While IHS’s credit metrics and business profile are better than the B2 rating implies, IHS's
credit quality is constrained by the sovereign risks of Nigeria, reflected by the B2 government
bond rating and foreign currency ceiling of B2. This is because of the high concentration
of IHS's cash flow (around 78% of 2020 EBITDA) and the elevated risks associated with
operating in Nigeria, such as the repatriation of cash flow offshore, which has been difficult
for some companies, at times.
IHS’s financial capacity to pursue sizeable acquisitions is already large, with cash balances
of $542 million, a $245 million undrawn revolving credit facility and sizeable headroom
between Moody’s adjusted gross debt/EBITDA of 2.9x as of 30 June 2021 and the downgrade trigger of 5.5x. Following the IPO, the additional equity proceeds will boost the cash balance toward $1 billion. Despite this sizable debt capacity, IHS’s financial policy will remain unchanged with the company maintaining its conservative net debt/EBITDA target of
between 3x and 4x (2.2x reported as of 30 June 2021, pro forma including acquisitions) and
not paying dividends.
The prospectus states that the IPO proceeds would be used for general corporate purposes,
including acquisitions, though at present there are none contemplated beyond the recently
signed and announced TIM Fiber acquisition in Brazil. Over the past 18 months, IHS has been
growing its operational footprint, acquiring tower businesses in Latin America and the Middle
East regions, which account for around 8% of pro forma 2020 revenue, followed by 21%
from four African operations and 71% from the Nigerian operations.
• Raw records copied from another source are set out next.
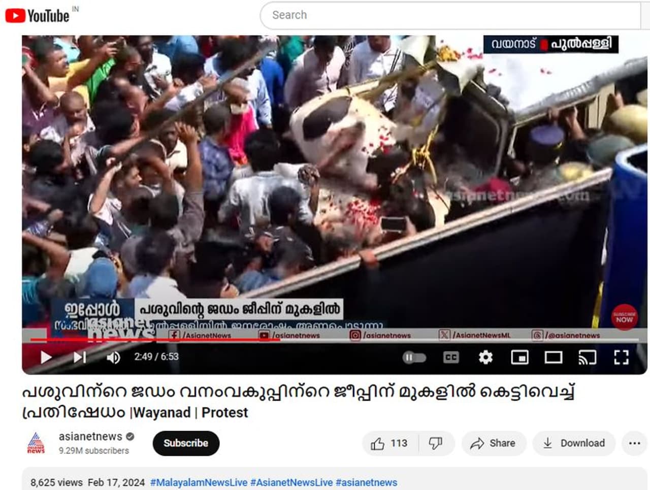 എക്സില് കാണുന്ന വീഡിയോയിലെ പോലെ ജീപ്പിന്റെ ബോണറ്റിന് മുകളില് പശുവിനെ കയറുകൊണ്ട് ആളുകള് കെട്ടിവയ്ക്കുന്നതും റീത്ത് സമര്പ്പിക്കുന്നതും ഏഷ്യാനെറ്റ് ന്യൂസ് 2024 ഫെബ്രുവരി 17ന് യൂട്യൂബില് അപ്ലോഡ് ചെയ്ത വീഡിയോ റിപ്പോര്ട്ടില് കാണാം. ഇരു ദൃശ്യങ്ങളും താരതമ്യം ചെയ്താല് പുല്പ്പള്ളി സംഭവത്തിന്റെ വ്യത്യസ്ത ആംഗിളുകളില് നിന്നുള്ള വീഡിയോകളാണിത് എന്ന് ഉറപ്പിക്കാം.
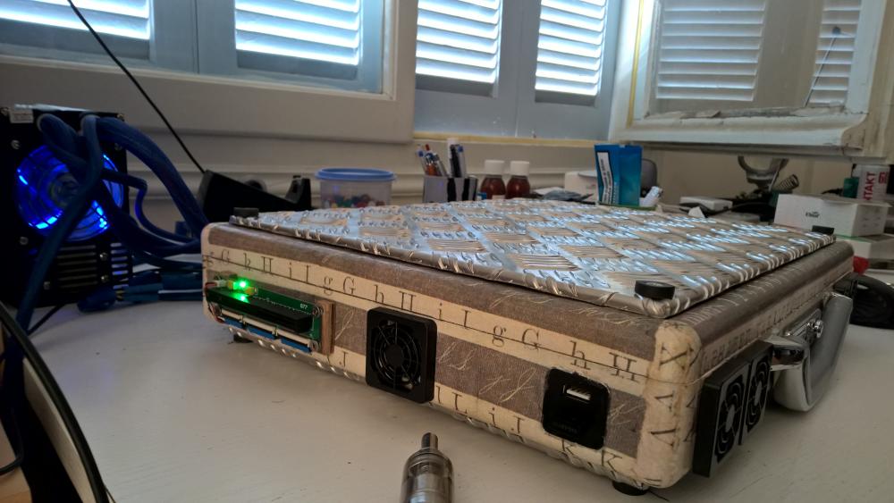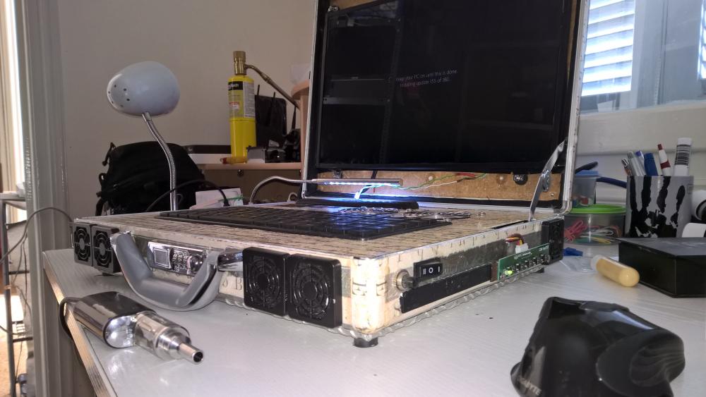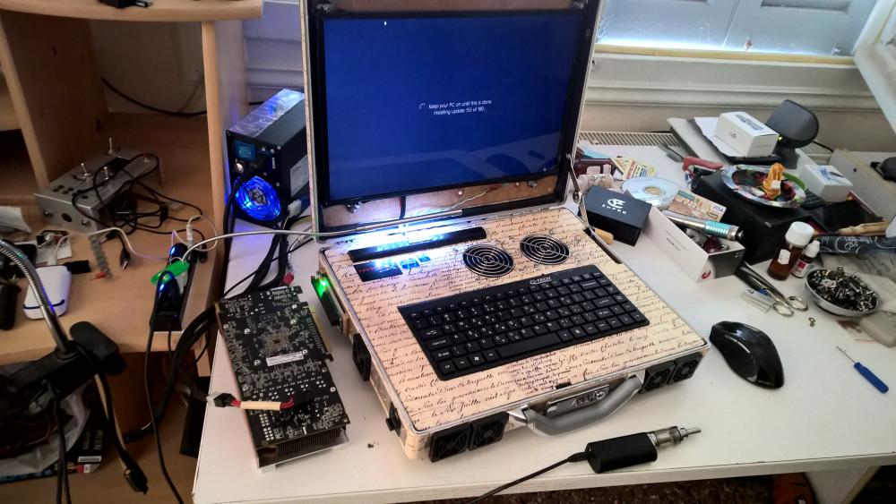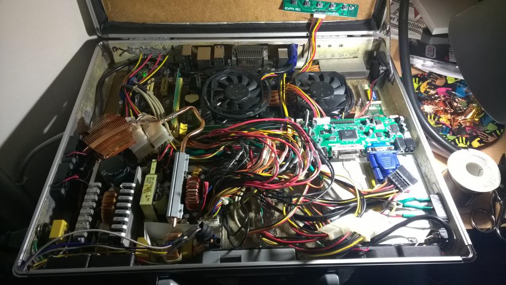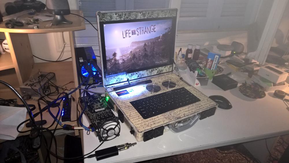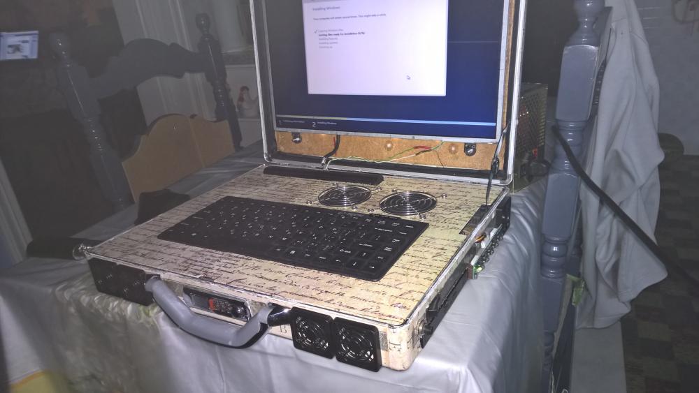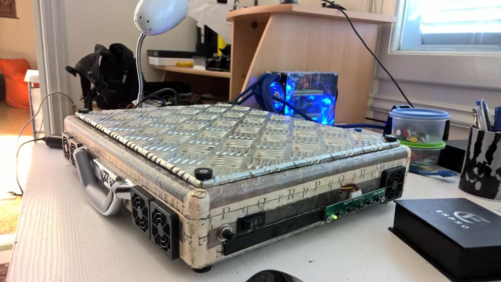 Καλημέρα κ πάλι.Το 3 στην σειρά λάπτοπ.Πλέων μεταφερόμενο με pico psu 200watt.2 φορτιστές.εναν 180watt hp k έναν 40watt εφερδρικό για την οθόνη του.¨Είναι ελαφρύ επειδή ειναι αλουμίνιο κ συνάμα γερό στην κατασκευή.Το κουτί του είναι ένα παλιό dslam.Διαθέτει την αγαπημένη πατέντα για eξωτερική gpu(7870 amd)Πέρνει ρεύμα απο εξωετρικό τροφοδοτικό οταν είναι πάνω.Toshiba x200 οθόνη με controller.Ι3-4330 -8g ram 1600mhz -h81m s2v mobo.
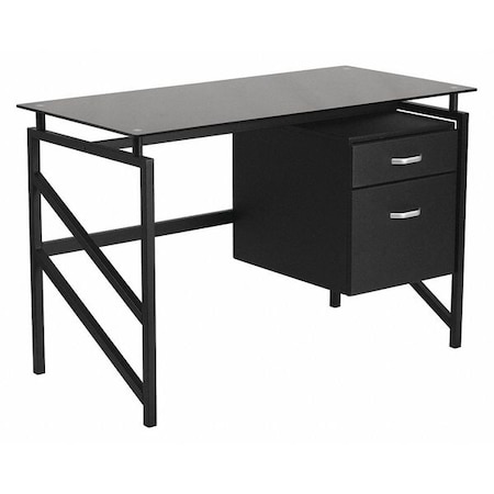 Computer Desk Glass Top Desk w/3 Drawer Pedestal, Blk, 23-1/2" D X 29-1/2" H, 47-1/4" W X Black
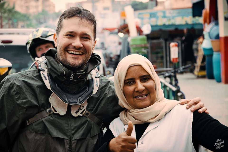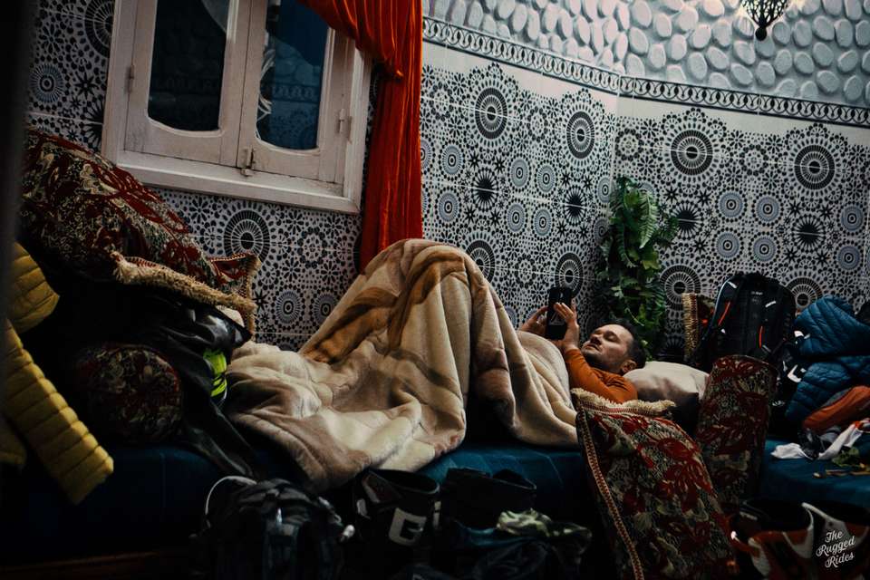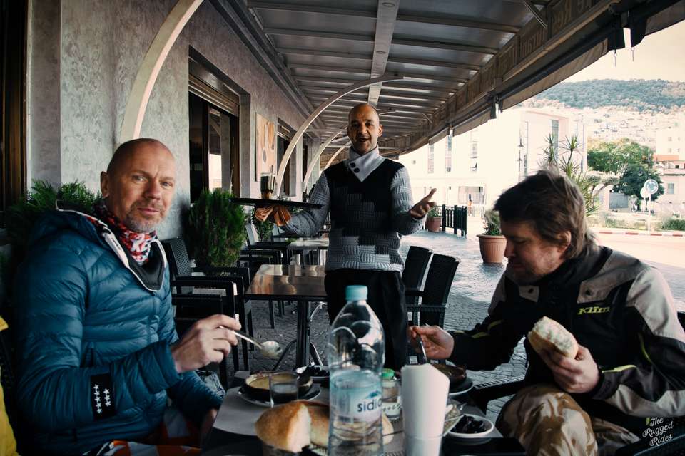 We reach the starting point fast, without adventures, well, unless you consider Piter's eco-driving to be an adventure :-) We pick up the guys and after a while of wandering on the roads of Andalucia, we find ourselves in the port. There, the standard game with swindlers begins. The guys are thinking they will sell tickets for more than in the official ferry company's booth, geniuses! Of course, we buy tickets normally and catch the nearest ferry. A few moments of blissful rocking send us straight into the embrace of African continent. With widespread looks of fellow passengers we pour over the liquids that are known to be very helpful with making bivuacs even better :-), right then head for the customs and duane booths. Remembering what it's like in Ceuta, I'm preparing myself for some major impediments, but no, there are no special effects, in Tangier Med everything runs just fine. During my future trips I will always try to choose this particular border crossing. We are still about to reach the proper trailhead, our track starts in Errachidia. At the end of the day we decide to take the tarmac to Chefchaouen. I recently read somewhere that this is the most instagrammed point on the map of Morocco, well.... The evening does not disappoint us, we have a really atmospheric lodging, excellent tajines and other goodness. Falling asleep once again I am thinking how well we are doing, and how smoothly Greta is riding. After all the servicing received during the winter she is unbelievable and rides like a brand new toy!

We expect IHS to continue to focus its attention on expanding its operations in the Latin
American and Middle Eastern markets, which will over time reduce its reliance on cash flow
from Nigeria, thereby lowering its credit exposure to the country. Such diversification is illustrated by IHS's announcement on 6 October 2021 to partner with the Egyptian Ministry of Communications to potentially roll outup to 5,800 build to suit towers in the country over three years.
For MTN, selling a portion of its 29% stake in IHS over time forms a key part of the company’s plan to raise $1.7 billion from asset disposals over the next 3-5 years. At the time of listing, MTN plans to sell a moderate 1.5% of its holding in IHS, which we expect
would raise c. $30 million. While the initial amount is immaterial in the context of MTN’s asset disposal program, owning a substantial stake in publicly listed IHS will improve MTN’s financial flexibility and allow it to sell down more, if and when required to reduce debt
and maintain its conservative financial policy while meeting its investment objectives.
As of 30 June 2021, MTN’s holding company reported net debt/EBITDA reduced to 1.4x from 2.2x six months earlier, thereby meeting the company’s announced aim to reduce holding company leverage below 1.5x. Despite meeting the deleveraging target, we
understand the company’s near term priority remains to reduce debt further before using excess cash for shareholder returns.